This is an asymptotic result of an imaginary experiment. It is not a probability that anyone is willing to bet on. Asymptotic results are not relevant to a data set at hand. A p-value for a collected data set is a proportion or percentile–perfectly descriptive of a divergence from a reference point. If you wish to refer to a future experiment of the exact same design, conditional on the observed test statistic, one should quote an interval ie a p value of 0.05 is equivalent to a Z score of 1.96, +/- 1. converting back to the p value scale (one tailed) is 0.17 (1 - 0.83) to 0.002 (1-0.998)

https://discourse.datamethods.org/t/bootstrap-on-regression-models/4081/4?u=r_cubed

2 Likes

Thank you for your comments. You doubted whether a theoretical probability based on my reasoning could be a good bet (and therefore tested empirically)! It actually can be tested using the Open Science Collaboration data as follows.

The posterior probability distribution of true results has a mean of 1.96 mmHg and a SEM of 1. However if we postulate a distribution of differences for the result of the second study with a SEM of 1 conditional on each point on the distribution of true values, then the overall distribution of the second study conditional on the original observed result of 1.96 mmHg result will have a variance of 1 + 1 = 2 and the SEM will be √2 = 1.141. Zero difference will now lie at 1.96/1.141 = 1.386 mmHg away from the mean of 1.96 mmHg. This 1.386 is the Z score, so the probability of the second study being greater than zero mmHg conditional on the first study result of 1.96 mmHg is 0.917 (which is what Kileen estimated it to be with his P-rep).

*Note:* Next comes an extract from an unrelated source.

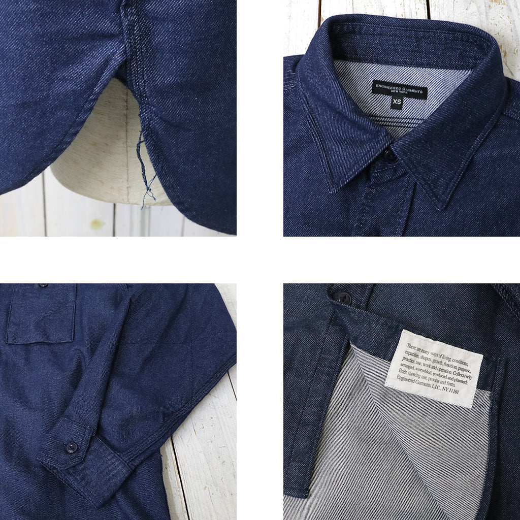 ENGINEERED GARMENTSの定番のワークシャツです。コットンデニムフランネル生地を使用し、胸ポケットは左右でデザインが異なり、肩や袖ぐり、脇はトリプスステッチで縫製され、肘の当て布やサイドのガゼット、カンヌキステッチなどワークなディテールがふんだんに盛り込まれています。

The range of the distribution of differences that provides a P value of 0.025 in a repeat study must be at least 1.96 SEMs away from zero which is 1.96x1.141 = 2.772 mmHg away from zero. However, 2.772 mmHg is 2.773 mmHg– 1.96 mmHg = 0.81 mmHg away from the mean of 1.96mmHg. This 0.81 mmHg is 0.81/1.41 = 0.5471 SEMs away from the mean of 1.96mmHg. This Z score of 0.5471 suggests that 71.7% of the distribution is below 2.722mmHg and 28.3% of the distribution is above 2.772mmHg. In other words when the original P value is 0.025, the proportion of the distribution 1.96 SEMs or more away from zero is 28.3% to give a one-sided P value of 0.025 or less again. If the one-sided P value is osP, the proportion of repeat results to give a P value no greater than 0.025 one-sided in a repeat study is (using a shorter formula in an Excel spreadsheet): NORMSDIST(NORMSINV(1-osP)/2^0.5-1.96).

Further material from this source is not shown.